#### Exercise details
Exactly reproduce the lines of the listing below from the one containing "来場した東海岸小学校6年生の" through the one containing "22.03.2024 odbyło się". Skip the images.

#### Listed records
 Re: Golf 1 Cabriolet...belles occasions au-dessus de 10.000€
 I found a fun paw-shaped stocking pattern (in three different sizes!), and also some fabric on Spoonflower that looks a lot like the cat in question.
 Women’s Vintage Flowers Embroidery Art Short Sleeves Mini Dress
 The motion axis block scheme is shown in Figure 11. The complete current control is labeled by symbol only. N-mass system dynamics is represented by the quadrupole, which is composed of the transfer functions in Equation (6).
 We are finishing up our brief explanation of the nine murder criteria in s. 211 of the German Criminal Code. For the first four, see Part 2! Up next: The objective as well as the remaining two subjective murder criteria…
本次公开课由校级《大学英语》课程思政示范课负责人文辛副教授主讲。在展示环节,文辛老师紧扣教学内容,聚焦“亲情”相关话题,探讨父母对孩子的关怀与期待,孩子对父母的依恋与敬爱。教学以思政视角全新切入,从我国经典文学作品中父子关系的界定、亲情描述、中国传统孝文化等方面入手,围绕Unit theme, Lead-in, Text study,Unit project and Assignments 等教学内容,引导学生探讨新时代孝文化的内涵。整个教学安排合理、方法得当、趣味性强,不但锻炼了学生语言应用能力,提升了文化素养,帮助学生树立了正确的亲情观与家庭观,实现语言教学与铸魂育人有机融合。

---

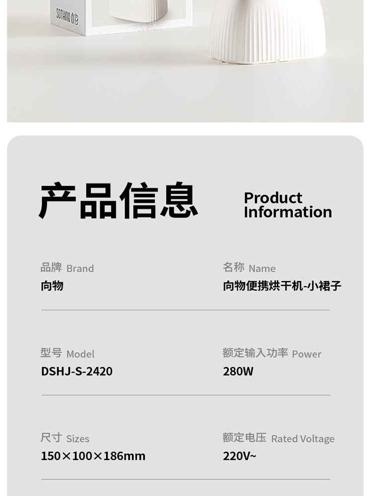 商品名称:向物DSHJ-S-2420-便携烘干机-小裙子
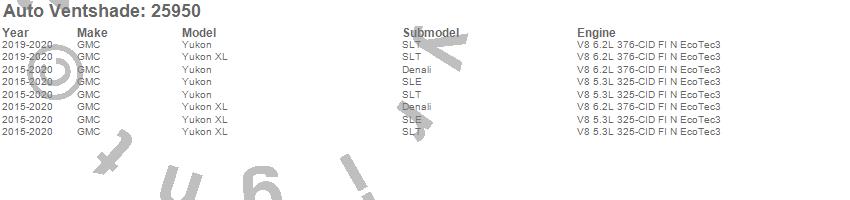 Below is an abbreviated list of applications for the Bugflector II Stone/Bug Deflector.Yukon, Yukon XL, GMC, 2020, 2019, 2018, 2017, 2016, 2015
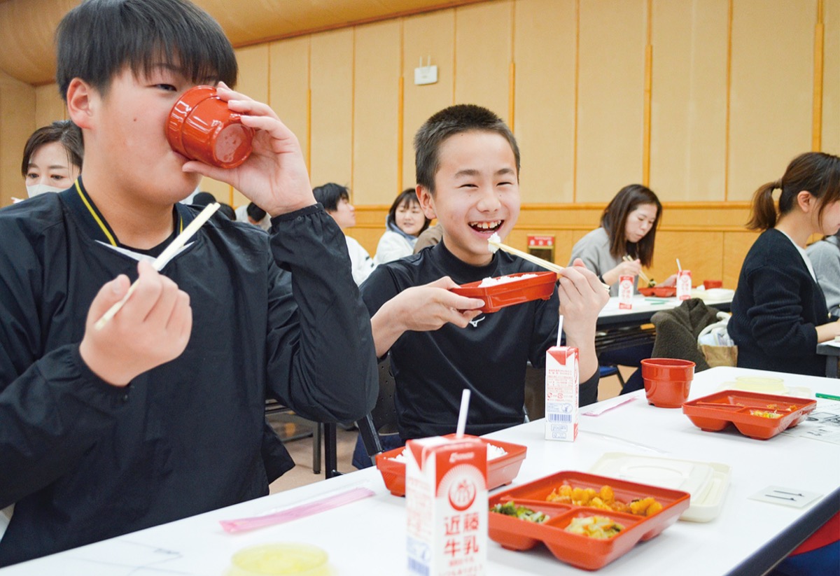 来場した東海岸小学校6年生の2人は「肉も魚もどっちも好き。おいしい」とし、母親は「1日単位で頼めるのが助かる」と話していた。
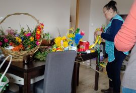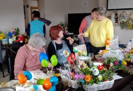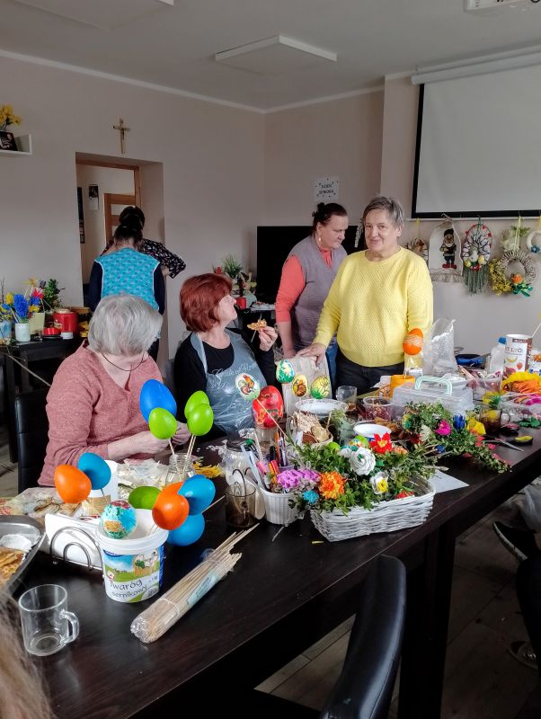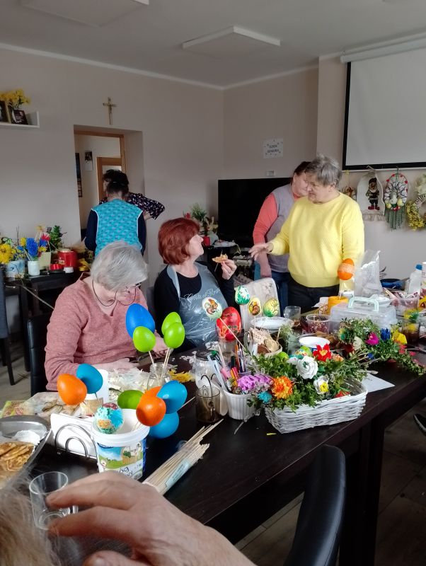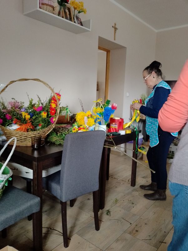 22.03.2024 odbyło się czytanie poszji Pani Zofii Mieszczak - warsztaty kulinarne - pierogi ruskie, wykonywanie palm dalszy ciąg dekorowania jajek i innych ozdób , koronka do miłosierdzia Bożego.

#### Written solution
 来場した東海岸小学校6年生の2人は「肉も魚もどっちも好き。おいしい」とし、母親は「1日単位で頼めるのが助かる」と話していた。
 22.03.2024 odbyło się czytanie poszji Pani Zofii Mieszczak - warsztaty kulinarne - pierogi ruskie, wykonywanie palm dalszy ciąg dekorowania jajek i innych ozdób , koronka do miłosierdzia Bożego.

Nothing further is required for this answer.